Activity: Could the data below be retyped exactly, without its pictures?

Given data:
========================================

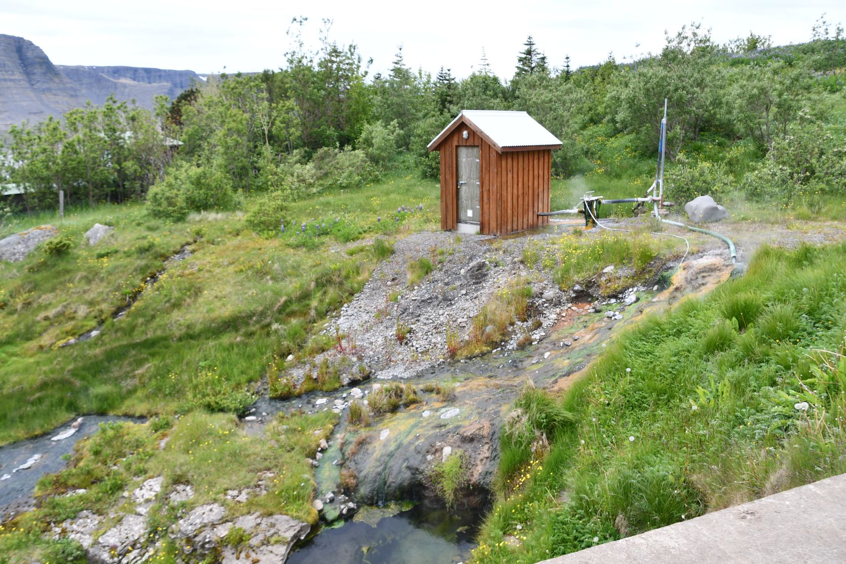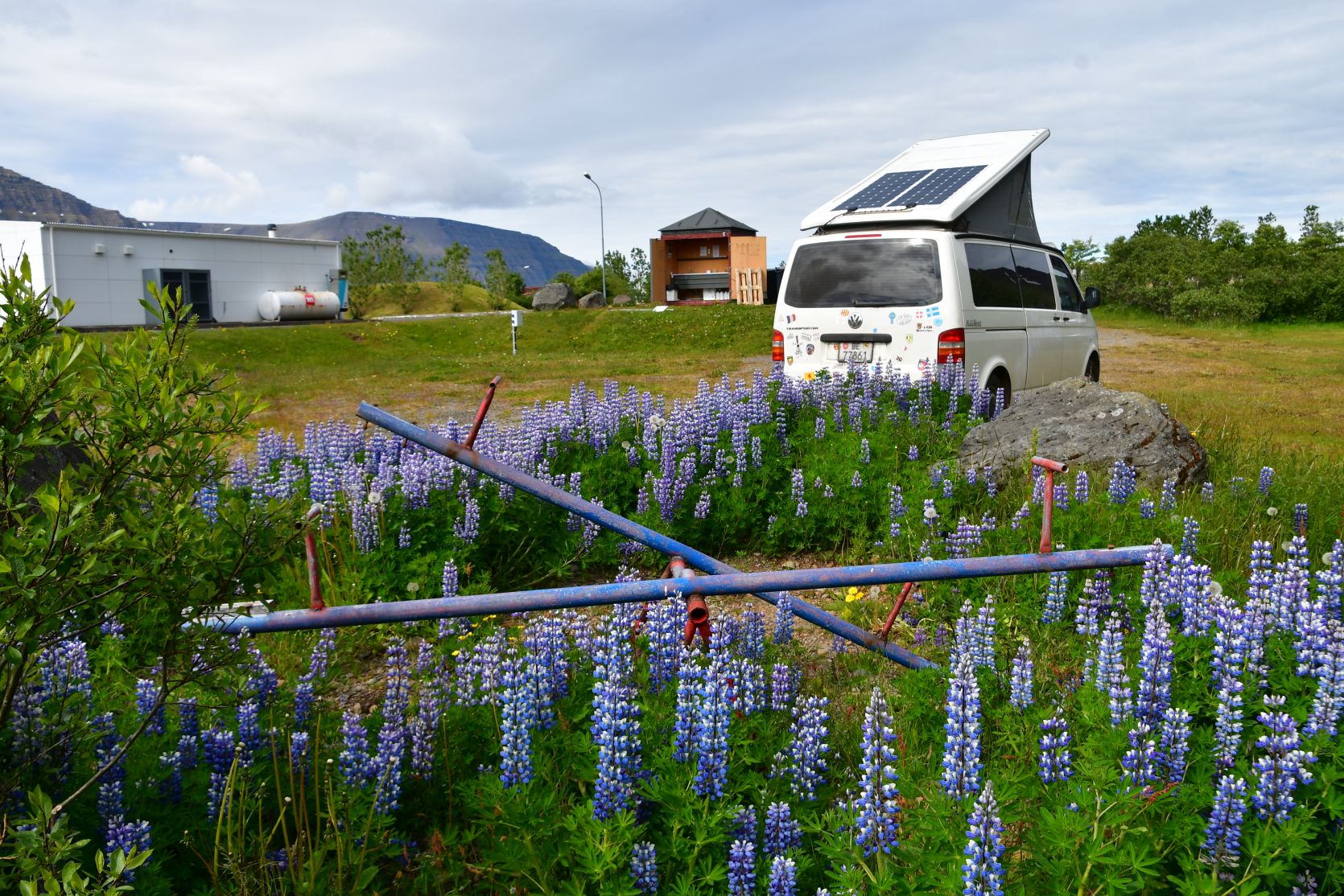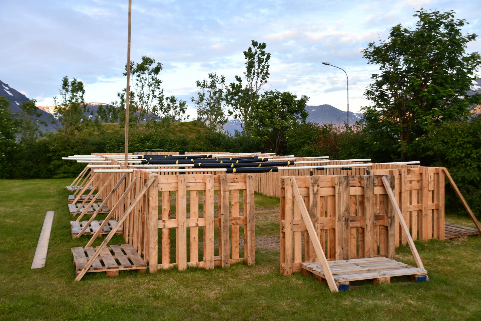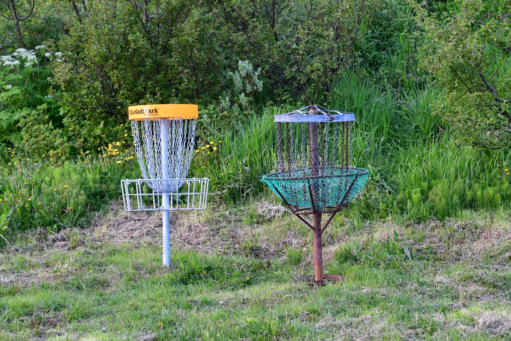 Zu den Lawinenverbauungen. An vielen Orten in Island kann man Frisbee Golf spielen!
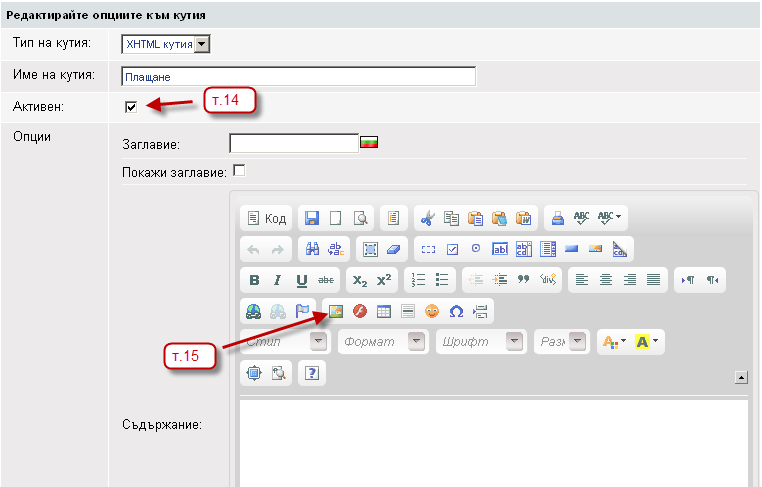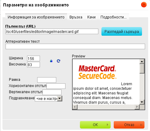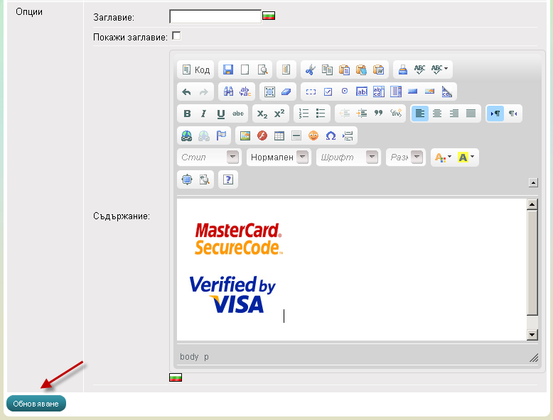- С помоща на XHTML редактора качете логата на VISA и MasterCard. За целта натиснете върху иконката - Изображение.
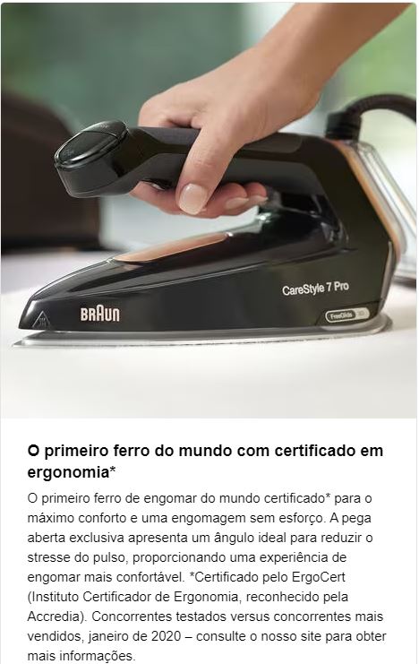 O primeiro ferro do mundo com certificado em ergonomia, para máximo conforto e engomagem sem esforço*. Certificado pelo Ergocert (Instituto Certificador de Ergonomia, reconhecido pela Accredia). Concorrentes testados versus concorrentes mais vendidos, janeiro de 2020.

========================================

Your response:
 Zu den Lawinenverbauungen. An vielen Orten in Island kann man Frisbee Golf spielen!
- С помоща на XHTML редактора качете логата на VISA и MasterCard. За целта натиснете върху иконката - Изображение.
 O primeiro ferro do mundo com certificado em ergonomia, para máximo conforto e engomagem sem esforço*. Certificado pelo Ergocert (Instituto Certificador de Ergonomia, reconhecido pela Accredia). Concorrentes testados versus concorrentes mais vendidos, janeiro de 2020.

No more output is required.